一同が一息ついたところ、双子がある提案をしてきた。



「そうだフィリア!

魔力の量を測ろうよ」


「あっ確かに!

僕らとどっちが多いか、勝負だね」


「…そう言えばまだ測っていませんでしたね。

少し待っていてください、用意をしましょう」



そう言って席を立ったヘルミナはしばらくしてテーブルに置いてある水晶よりも二回りほど小さい、片手に収まるほどの黒い玉を持ってきた。



「これが…?」


「ええ。アル、実演してごらんなさい」


「はーい」



アルが黒い玉を受け取る。

彼はそれを両手で包み込むように持つと、目を閉じた。

そのまま数秒待ち、目を開き手を広げると。



「赤くなってる…」



そう、黒かったはずの玉が真っ赤に染まっていた。

アルが玉をテーブルに置くと、それは元の黒に戻った。



「このように、魔力を持つ者によって色は異なりますがその濃さによって魔力の量がわかります」


「普通に持つだけでいいのかい?」


「いえ、この玉に意識を集中させねばなりません」


「次は僕の番だね」



エルが玉を持つ。

彼の場合は玉は青く染まった。

濃さはアルと同じくらいだろうか。



「私の場合ですと、淡い水色になりますね」



ヘルミナも目の前でやって見せた。

確かに水色に染まっている。



「アルとエルのものより、薄い……?」



ルークの呟きにヘルミナは素直に頷いた。



「彼らはかなりの魔力を持っていますから。

それに二人で一つの魔術を行使すれば、その効果は絶大なものとなります。

おそらくルーク様の御世には、この二人が総ての青の民を、魔術師を率いてゆくこととなりましょう。

……ああ、話がそれてしまいましたね。

さ、フィリアさん」



フィリアは差し出された玉を、緊張の面持ちで受け取る。



「フィリア、そんなに緊張しなくても大丈夫だよ」


「そうそう。簡単だよー」



双子に左右から励まされ、少し緊張も解けた。

両手で玉を包み、目を閉じて集中する。

手の中で玉が熱くなった気がした。

そして、心なしか左胸の紋様も。


そっと目を開き、玉を見る。



「……これは」


「すごい!!」


「あー、負けちゃったか」



玉は緑に染まっていた。

強く輝き、光を放っている。



「かなりの魔力ですね。

想像以上です」


「くやしいなー」


「僕らまだ青の民の誰にも負けたことなかったのにねー」



フィリアはまだ呆然としている。

服の左胸のあたりを、ギュッと握りしめて。


その様子を、ヘルミナは注意深く見つめていた。











フィリアはため息をついた。

今夜、ルークの夢見を手助けするということで、魔力を流す側は一晩中、ルークの目が覚めるまで起きていなければならない。
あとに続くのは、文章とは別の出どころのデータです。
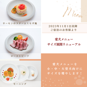 2023.6.15.「2023年11月1日以降のご宿泊のお客様」より愛犬メニュー ”サイズリニューアル”
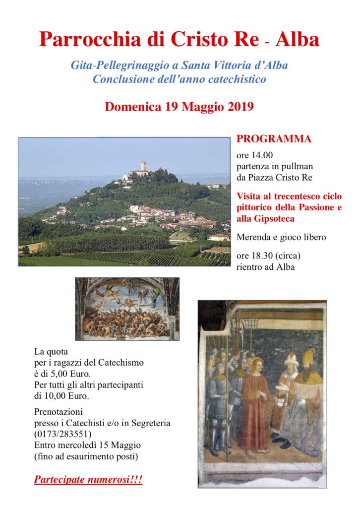 A conclusione dell’ anno catechistico è stata organizzata una Gita-Pellegrinaggio a Santa Vittoria d’Alba per la giornata di Domenica 19 Maggio 2019 dalle 14.00 alle 18.30.
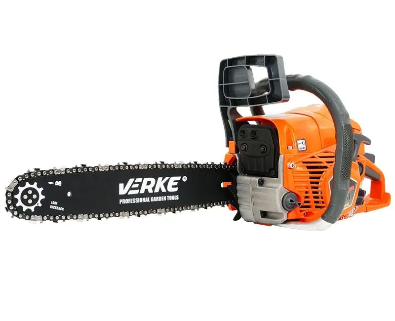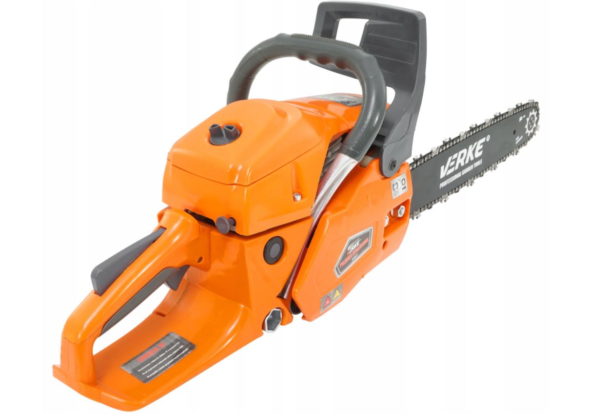 Pilarka spalinowa VERKE CS65-T, z dwusuwowym silnikiem o mocy 4,35 KM i pojemnością 65 cm³. Idealnie sprawdzi się podczas cięcia zarówno drzewa opałowego, małych i średnich drzew oraz prac budowlanych. Komfort pracy zapewnia antypoślizgowa rączka, świetne wyważenie i ergonomiczny kształt urządzenia. Piła posiada system natychmiastowego zatrzymania łańcucha, co wpływa na bezpieczeństwo. Automatyczna pompa oleju z możliwością regulacji sprawia, że do łańcucha dostarczana jest odpowiednia dawka oleju przez cały cykl ciecia. Pilarka łańcuchowa została zaprojektowana przy zastosowaniu najwyższej klasy technologii i gwarantują najlepsze parametry w swojej kategorii. Pozwala na osiągnięcie maksymalnych wyników bez wysiłku i w znacznie krótszym czasie. Szybki dostęp do filtra powietrza zapewni łatwe czyszczenie lub wymianę filtra. Wygodne uchwyty oraz szybki, system hamowania zapewniają doskonała kontrolę w każdym momencie pracy.

そのため、今から仮眠をとっておくといいとヘルミナ達に勧められ、ベッドに横になったのだが。



「全然、眠れない」



元々旅の最中は規則正しく寝起きしていたため(勿論野宿の時には夜に火の番などもしていたが、それは一晩中ではなかった)こんな中途半端な時間には寝付けない。

これは無理ね、と心で呟いて、フィリアはそっと起き上がった。


部屋の壁に掛けられている鏡の前に立つと、胸元を肌蹴させる。



蔦の紋様は、明らかに以前より大きくなっていた。



―――一体、これは何なのだろう。



この紋様のことは、ルーク達にも言っていない。

何故だか誰にも黙っていなければ、と思うのだ。

他の誰でもない、フィリア自身が。


けれど。



――これが、もっともっと大きくなった時。



今まで信じてきた何もかもが、逆さになって。

そうして―――


フルリ、と頭を振る。



もう、何も考えない方がいい。

フィリアはそっと、鏡から目をそらした。